"I membri del gruppo consigliare di minoranza “Porto Venere Bene Comune” esprimono forte disappunto e profondo rammarico per l’epilogo della gara d’appalto per l’apertura e la pulizia del castello Doria del borgo, che ha portato, a seguito di un bando del Comune emesso lo scorso maggio, il cui esito ha dato luogo, a causa di un ribasso forse troppo accentuato (da una base di oltre 26.000 euro si è affidato il servizio alla società aggiudicataria per una cifra inferiore a 18.000 euro per un semestre) alla rimodulazione degli stipendi delle persone fino ad oggi incaricate di tali mansioni, che si sono viste proporre in prima istanza un contratto part-time di sei mesi a tempo determinato ed una cospicua riduzione del compenso orario, da circa 7,50 euro/ora a meno di 5,00
Questa proposta fortemente peggiorativa, nonostante la mediazione (forse tardiva) sindacale, ha generato perplessità e temporeggiamenti legittimi al personale, diviso se accettare un contratto “capestro” o perdere il posto di lavoro seduta stante, e si è conclusa, oggi, nel peggiore dei modi, con il rimpiazzo dei due dipendenti con altre persone, evidentemente bisognose di un posto di lavoro, seppur di modesta redditività.
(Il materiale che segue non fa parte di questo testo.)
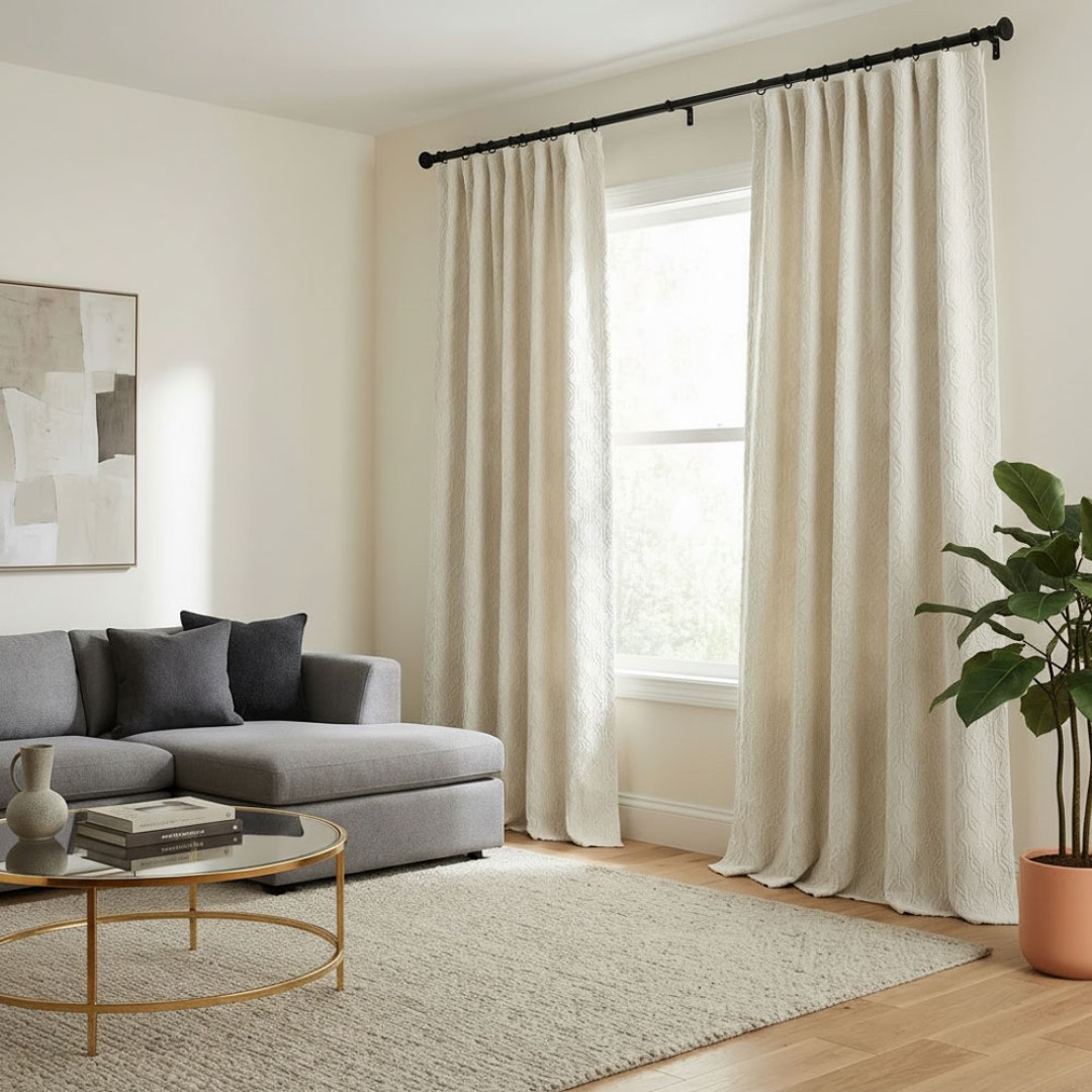 Dieser weiche Chenillestoff zeichnet sich durch ein strukturiertes geometrisches Muster mit einem ineinandergreifenden Diamantdesign aus. Das Muster des Stoffes verleiht einen Hauch von Eleganz und Raffinesse. Das Chenille-Material ist bekannt für seine Weichheit und sein luxuriöses Gefühl und bietet sowohl Komfort als auch Stil für jeden Raum. Unsere maßgefertigten Vorhänge werden sorgfältig nach Ihren spezifischen Wünschen gefertigt. Sie sind in einer Vielzahl von Kopfformen erhältlich, die Ihrem Geschmack entsprechen, darunter Schlitze, Ösen, Zwickfalten, Maßfalten, umgekehrte Kastenfalten, Schlaufen, Rückenschlaufen, Stangentasche und Wellenvorhänge. Entdecken Sie, wie geometrische Vorhänge jeden Raum aufwerten können.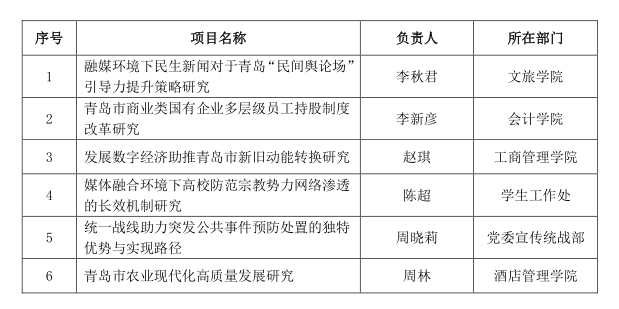 本网讯(科研发展处 王萍)近日,青岛市哲学社会科学规划管理办公室公布了“2021年青岛市社科规划项目立项名单”。学院共有6项课题成功立项,其中2项为统一战线智库课题推荐立项。具体立项情况如下: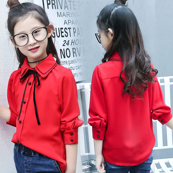 ブラウス 女の子 シャツ おしゃれ リ キッズ ベビー マタニティ 新作 ホワイト レッド 110cm 120cm 130cm 140cm 150cm 160cm 170cm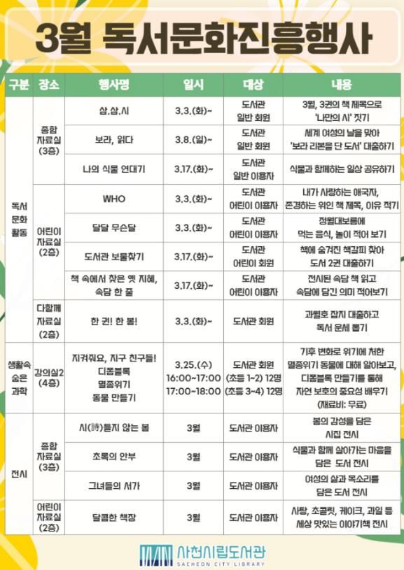 [경남도민뉴스=변정형 기자] 사천시립도서관은 2026년 3월을 맞아 시민들의 일상에 따스한 봄기운과 문학적 온기를 전하기 위한 ‘3월 독서문화진흥행사’를 운영한다고 11일 밝혔다.

Una “guerra tra poveri” in sostanza che non possiamo accettare, tanto meno se furbescamente bollata come “legge del mercato”.
Crediamo sia dovere di una amministrazione compiere tutti gli sforzi che le è possibile per garantire uno standard di servizio confacente al prestigio della località e al patrimonio da gestire (si parla del castello sito in un borgo patrimonio dell’umanità) in cui il visitatore non si aspetta di trovare semplicemente servizi di portineria, ma accoglienza professionale e corretta gestione del bene, anche sotto il profilo della sicurezza e della competenza storica ed artistica oltre che, e questo a prescindere, salvaguardare livelli retributivi per il personale in grado di garantire le giuste motivazioni lavorative e una vita quantomeno dignitosa.
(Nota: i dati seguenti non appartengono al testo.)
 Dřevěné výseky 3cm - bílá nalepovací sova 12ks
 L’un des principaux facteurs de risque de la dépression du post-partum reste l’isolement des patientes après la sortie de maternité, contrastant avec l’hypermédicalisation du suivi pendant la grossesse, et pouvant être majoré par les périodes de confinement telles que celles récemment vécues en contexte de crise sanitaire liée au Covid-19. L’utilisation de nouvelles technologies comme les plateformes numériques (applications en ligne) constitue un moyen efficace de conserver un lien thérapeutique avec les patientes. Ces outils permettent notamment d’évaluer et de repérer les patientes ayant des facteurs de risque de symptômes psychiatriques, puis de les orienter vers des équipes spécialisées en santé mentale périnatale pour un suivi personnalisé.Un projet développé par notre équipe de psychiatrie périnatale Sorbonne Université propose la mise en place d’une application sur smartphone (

La mera applicazione dei parametri minimi di legge nei bandi è una semplificazione che finisce con penalizzare tanto i lavoratori (chiunque essi siano, i nuovi quanto i precedenti) sia la qualità del servizio offerto al pubblico.
Vogliamo solo sperare che questo atteggiamento non sia il preambolo di uno svilimento del bene sotto l’egida dell’amministrazione pubblica, magari propedeutico a nuove gestioni di lungo periodo in totale chiave privatistica, e che venga prontamente corretto nei futuri bandi di servizio.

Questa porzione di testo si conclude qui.